Seaside looks at paid parking downtown
Published 1:16 pm Thursday, February 25, 2021
- Broadway in Seaside, about a block from the Seaside Civic and Convention Center.
Dozens of beach towns have effectively managed parking inventory and captured revenue with a seasonal paid parking program, businessman Adam Israel told the City Council in February.
“I think it would be a great fit, a great solution for downtown,” he said. “The long-term goal would be to build a second- or third-level parking structure, and use those funds to help pay for that parking structure.”
The system works with an app, Passport Parking, now used in a 40-space parking lot on Avenue A next to the Elks Lodge.
Seaside Park ‘n’ Pay LLC would manage the 225-space parking lot adjacent to the Seaside Civic and Convention Center. The paid parking season could run from March through October. Proposed rates are $1 per hour Monday through Thursday and $2 per hour on weekends.

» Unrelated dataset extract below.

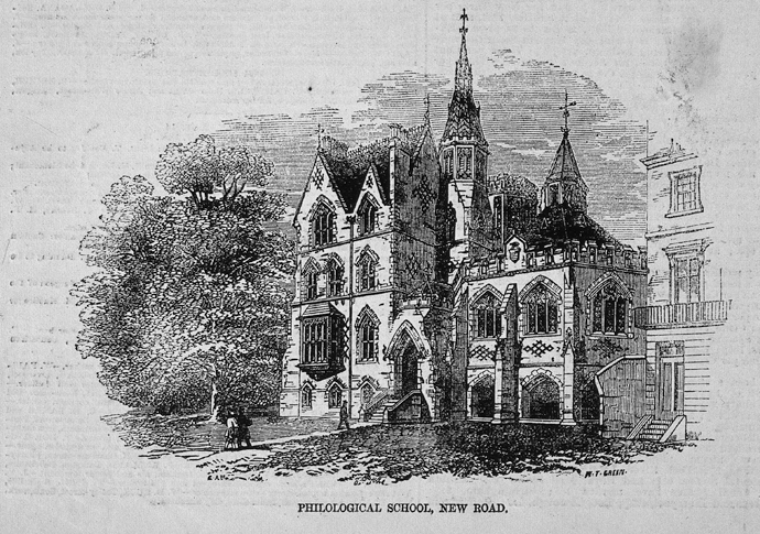 Our first port of call is at the Grove’s southern end, where we pause outside the red-brick Gothic façade of the Philological School, originally established in 1792 in Fitzroy Square by Oxford don Thomas Collingwood.

Enforcement, conducted by Seaside Park ‘n’ Pay, would be 8 a.m. to 9 p.m.
“I thought this might be something that might help the town,” Israel said. “We wouldn’t even have had this conversation 15 years ago, because the technology really didn’t exist and we’d be looking at putting in meters, and that wouldn’t be very cost effective.”
Benefits, Israel said, include an easy payment method, an ability to refill the meter remotely and alerts when a session is about to end. Users would download the app, create an account, park anywhere there is a Park ‘n’ Pay sign and pay for parking sessions by phone.
Management would receive a fee of 20%. Seaside Park ‘n’ Pay would donate up to 5% of that income back to the community for improvements. Israel said he estimated annual gross revenue of $853,000 and net revenue to Seaside of more than $600,000.
Seaside Park ‘n’ Pay would do staffing, enforcement, signage, user interaction and other management tasks, he said.
Israel would test the concept in a 26-week pilot program from May to October.
The idea of paid parking in Seaside is not new.
“According to my research, the city center parking lot was an idea proposed and pursued by the merchants in the late ‘80s, early ‘90s because they needed more parking to provide customer convenience hoping to result in increased business in the downtown core,” City Councilor Tita Montero said. “Since that time, merchants have repeatedly indicated the need for increased parking in the downtown core.”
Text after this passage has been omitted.